Author 51 books1,824 followers
November 4, 2011
A Remarkable, Historically Significant Exhibition Catalogue

THE EIGHTH SQUARE: GENDER, LIFE AND DESIRE IN THE ARTS SINCE 1960 was an exhibition staged in the Museum Ludwig, Köln, Germany in 2006. It was one of the more daring exhibitions of its time (and remains so to this date) in that it ventured into the furthest fringes of sexuality. The exhibition and the accompanying catalogue represented the first time that artists' approaches to marginalized sexuality had received such a comprehensive showing. The exhibition includeed over 260 works from more than 80 artists, giving a broad overview of transsexuality, homosexuality and intersexuality, transgender, gender-crossing, drag and cross-dressing in art.

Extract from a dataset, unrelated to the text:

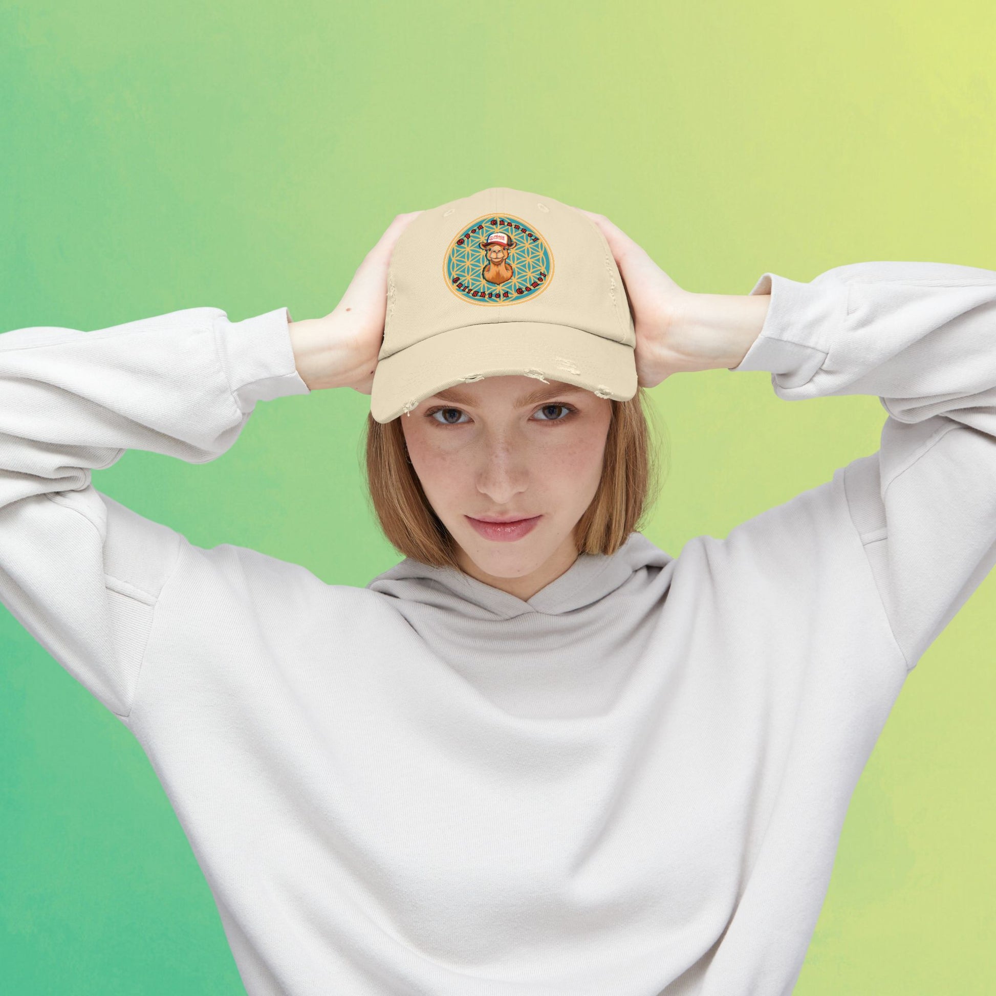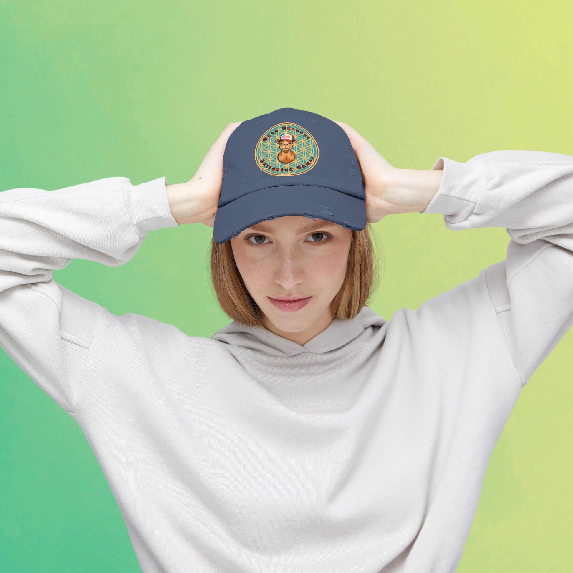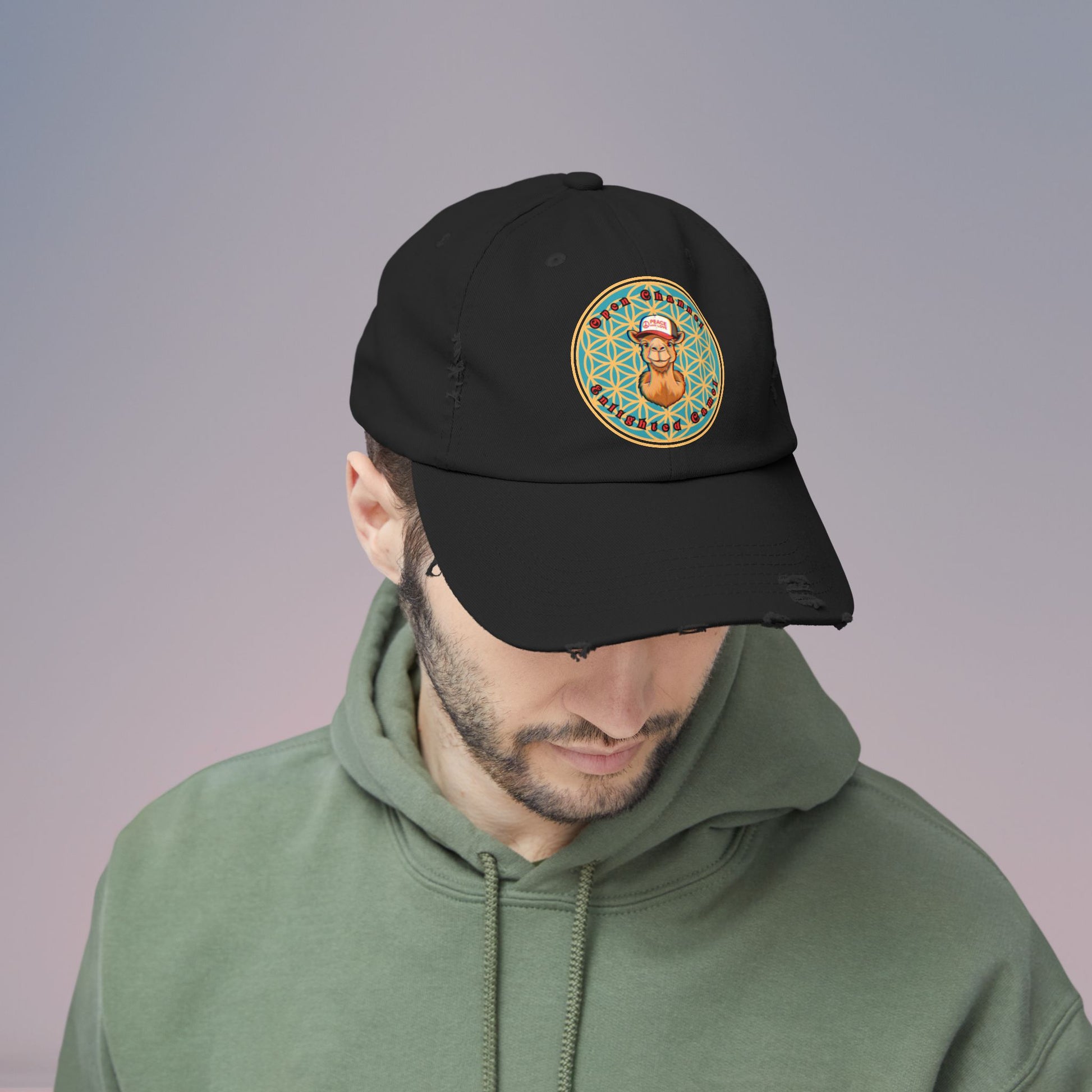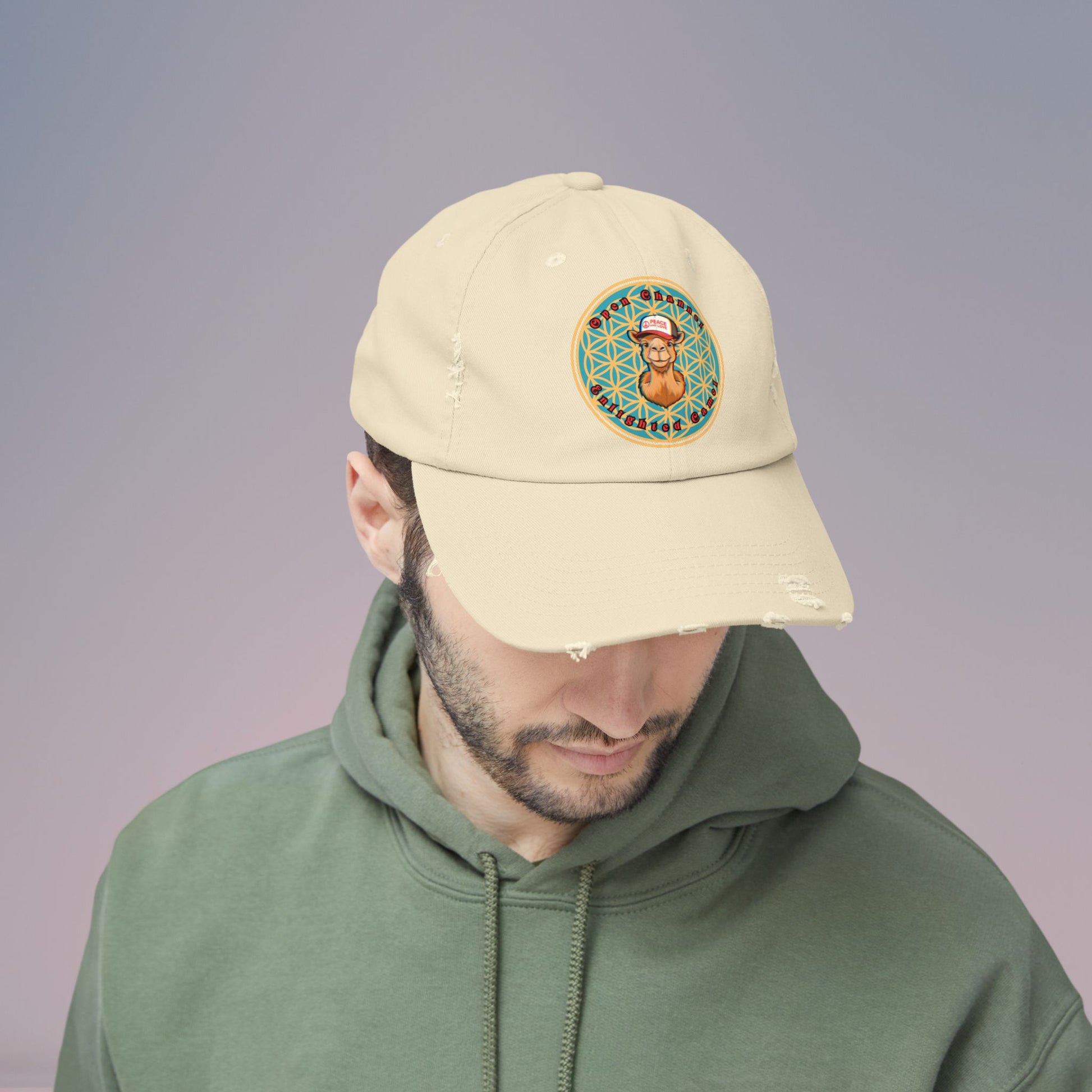 Stay cool, cheeky, and spiritually chic with this distressed cap featuring a dapper camel rocking a hat and the playful phrase "I Am an Open Channel Just Like This Enlightened Camel."

From the catalogue, as well written as it is visual, the following is stated: 'the title "The Eighth Square" comes from a rule in chess. If a pawn makes it to the eighth square, it will transform into a queen. A gender change that turns everything on its head: the weak become strong, and losers become winners.' The exhibition illustrated this transformation, which countermands the dominant heterosexual gender roles, and call for the possibility of a free, deregulated sexuality. "The Eighth Square" traces out the desire to transmute into another sex and toy with gender ascriptions. And this highlights the fact that sexuality - especially when outside the norm - is a matter of trembling and transmuting, of passion and power, seduction and sadness, misery and magnificence. But the exhibition also recalls the social and political struggles through which sexual self-determination had to and still must be wrested - and often precisely by artists. For art alone allows the subject to be experienced in all its fascination. Not only does it permit a riskfree game with gender and forbidden desires, but it alone can encompass all the contradictions. What does this mean for divergent desires? What does it mean after liberalisation, in a world standardized to death? How does this world look to feminine men and to masculine women?'

The artists exhibited both in the show and in the catalogue are some rarely seen images form such artists as Diane Arbus, Kenneth Anger, David Armstrong, Francis Bacon, Matthew Barney, Louise Bourgeois, Monica Bonavicini, Nicole Eisenman, Robert Gober, David Hockney, Peter Hujar, Ferdinand Kriwet, Zoe Leonard, Robert Mapplethorpe, Michaela Melián, Annette Messager, Piotr Nathan, Catherine Opie, Dayanita Singh, Paul Thek, Felix Gonzalez-Torres, Wolfgang Tillmans, David Wojnarowicz among others less well known. Kaspar Konig's Foreword traces the history of the works and their significance in the changing society of the 1960s and onward. For us this book represents a moment in history that permanently changed the way we respond to human sexuality and society's changing response to this subject. This is a major book about a major exhibition and should fine a place in all art schools as well as human behavior studies.